_Problem statement_:
Leave out the pictures and set down exactly the lines from the start of the listing through the one with "Ein großer Kragen", both included.

_Provided material_:
__________
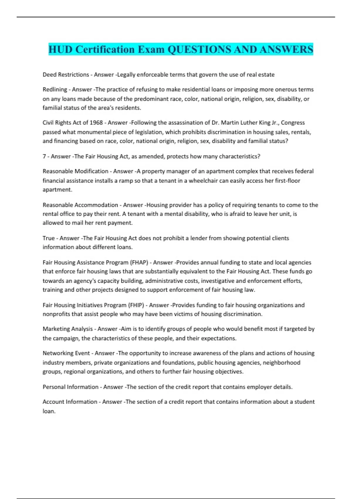 HUD Housing Counselor Certification COMPLETE BUNDLED 2024 Update. Already Passed!!
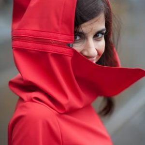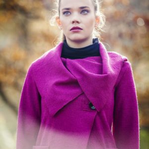 Ein großer Kragen um die Schultern zu betonen, ein symetrischer Verschluss um ihre Taille zu trimmen, große Taschen um den Kragen zu kompensieren. Die gewünschte Harmonie wird durch die Kombinaition der verschiedenen Größen des Kragens und der Taschen erreicht.
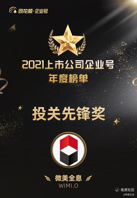 同花顺企业号2021年度榜单,涵盖 “最具影响力奖”、“最佳投关奖”、“投关先锋奖”、“最佳组织奖”共4大类奖项。此次评选是基于上市公司及协会在同花顺平台内账号关注度、文章数据、个股及话题热度、日常运营、调研投关活动等多维度数据综合评定。
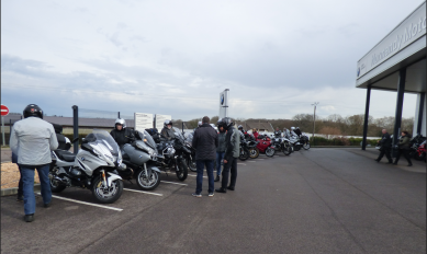 Après un rapide briefing pour rappel des consignes de roulage, notamment la circulation en tiroir pour les nouveaux venus. Vers 11h00 une vingtaine de motos partaient pour 50 km avant la pause déjeuner, l’après
__________
_Task result_:
 HUD Housing Counselor Certification COMPLETE BUNDLED 2024 Update. Already Passed!!
 Ein großer Kragen um die Schultern zu betonen, ein symetrischer Verschluss um ihre Taille zu trimmen, große Taschen um den Kragen zu kompensieren. Die gewünschte Harmonie wird durch die Kombinaition der verschiedenen Größen des Kragens und der Taschen erreicht.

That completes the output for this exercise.